How to remotely connect to my GPU workstation

Using Tailscale for SSH and much more.
Author

Jimmie Munyi

Published

January 10, 2023

When I finished setting up my Deep Learning workstation, the next step was figuring out how I would be able to connect to it remotely, and train models when I was away from home.

I tried setting up SSH following some online tutorials and in the end, it didn’t end up working. And worst of all, I spent a lot of time trying to figure out what went wrong and I still couldn’t debug it. Granted, networking isn’t one of my strongholds.

My frustration led me to discover Tailscale. On their homepage, they describe themselves as a VPN that lets you easily manage access to private resources, quickly SSH into devices on your network, and work securely from anywhere in the world.

And my experience with Tailscale has been exactly that. It is easy to set up, and it is cross-platform (I have it set up on my Linux laptop, the Linux deep learning workstation, and even on my phone).

The docs explain how to get it set up and are easy to follow. When using Tailscale for SSH needs, make sure you have Tailscale SSH setup too. Tailscale also provides Magic DNS that enables us to use the machine name when sshing to the remote computer instead of remembering the IP address.
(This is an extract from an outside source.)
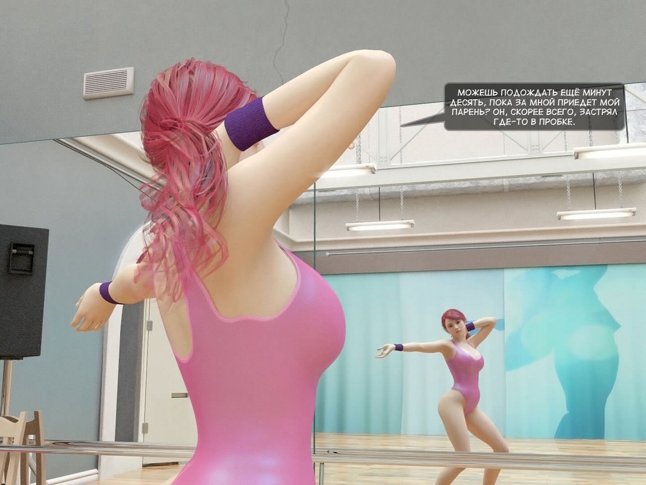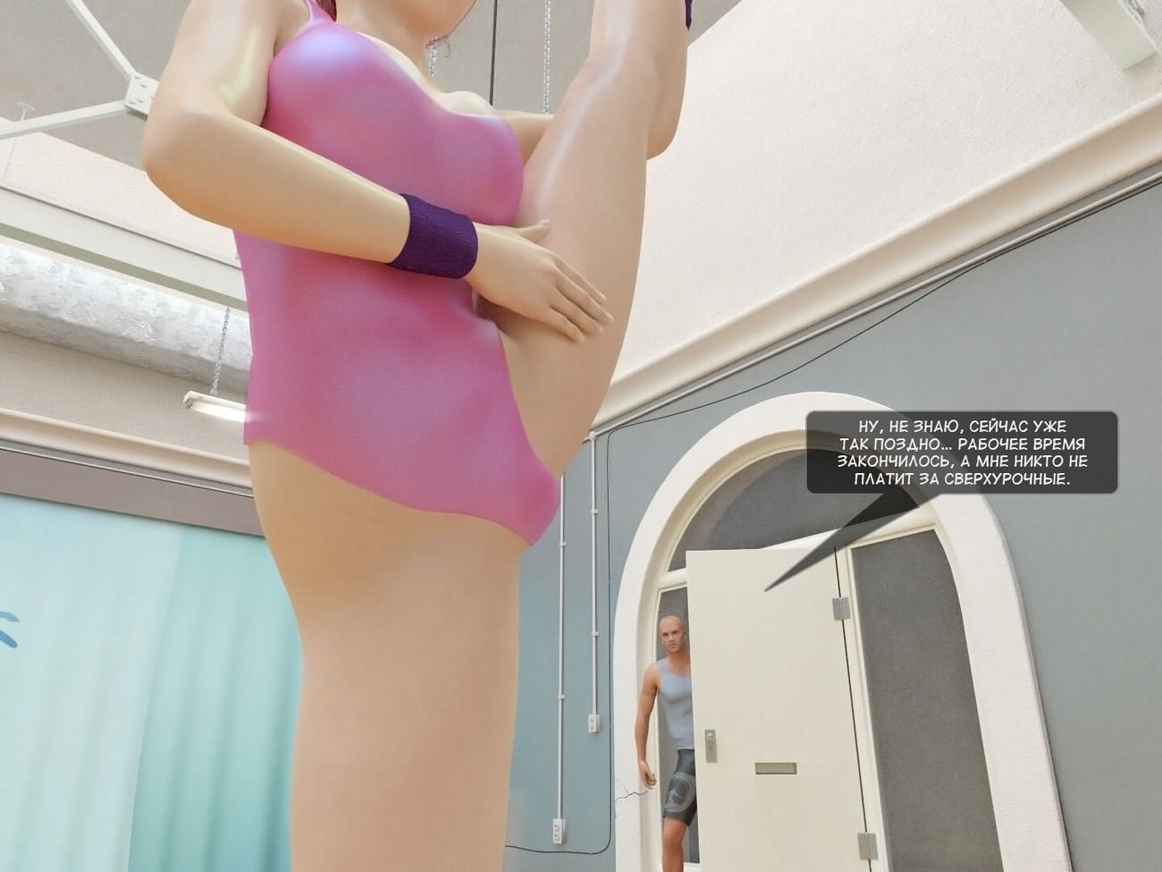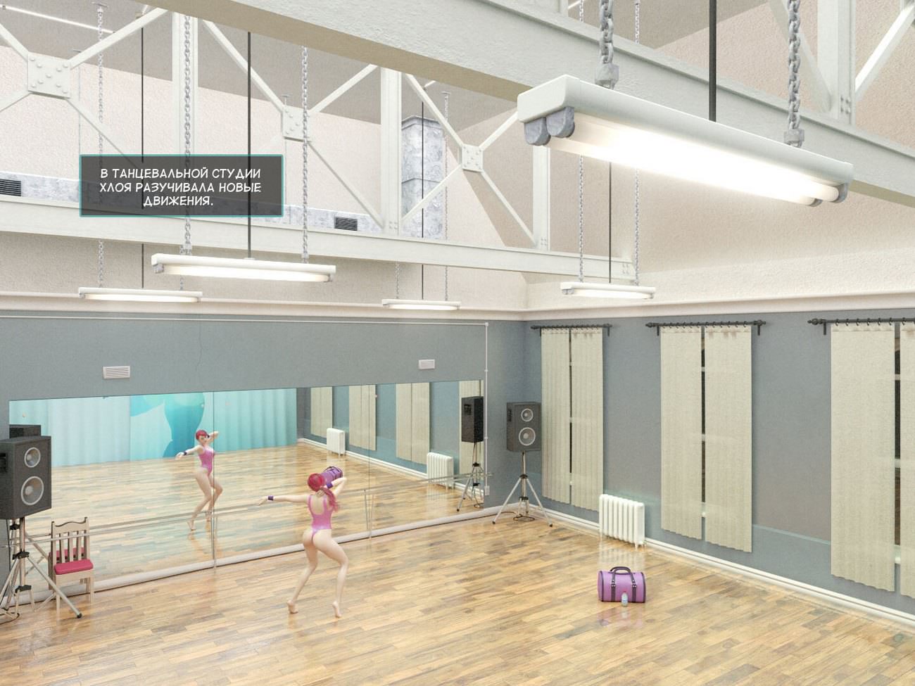 Хлоя задержалась в танцевальной студии в ожидании, когда ее парень придет за ней. Она решила скоротать время и разучить пару новых движений. В это время в зал зашел инструктор, который потребовал быстрее заканчивать тренировку, так как студия уже закрывалась. В этот момент, Хлоя подвернула ногу. Смекалистый инструктор решил воспользоваться беззащитным положением девушки и развести ее на секс до того, как ее бойфренд не приехал в студию. Хлоя поначалу пыталась отказываться, ну огромный член ее тренера не мог оставить девушку равнодушной.
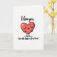 At the center of the card is a shiny ruby-red heart character standing on a plain white background. It has sparkling black eyes, a big happy smile, and soft pink cheeks that look like a sweet blush. A small light spot near the top of the heart makes it look glossy, almost like candy. Thin little arms and legs give it a friendly, lively pose, like it’s waving hello. At the top, the text “I love you” appears in black cursive-style lettering, placed above the heart. At the bottom, “from the bottom of my heart” is written in matching black cursive-style lettering, neatly spaced under the heart. It feels meaningful because the simple picture and direct words make it easy to share real affection with someone you care about 🥰❤️. Hope it helps you share your Valentine’s Day feelings in a kind, honest way.

After setting up Tailscale and Tailscale SSH, the next thing I did was to set up the remote development on VSCode, which is my editor of choice, and voila, I now walk into a coffee shop away from home and train models!

Other uses for Tailscale.

  • Ad blocking and blocking malicious domains and trackers using NextDNS

  • Sending files to and from my connected machines using Taildrop. You could also use SCP for this with the Tailscale SSH setup.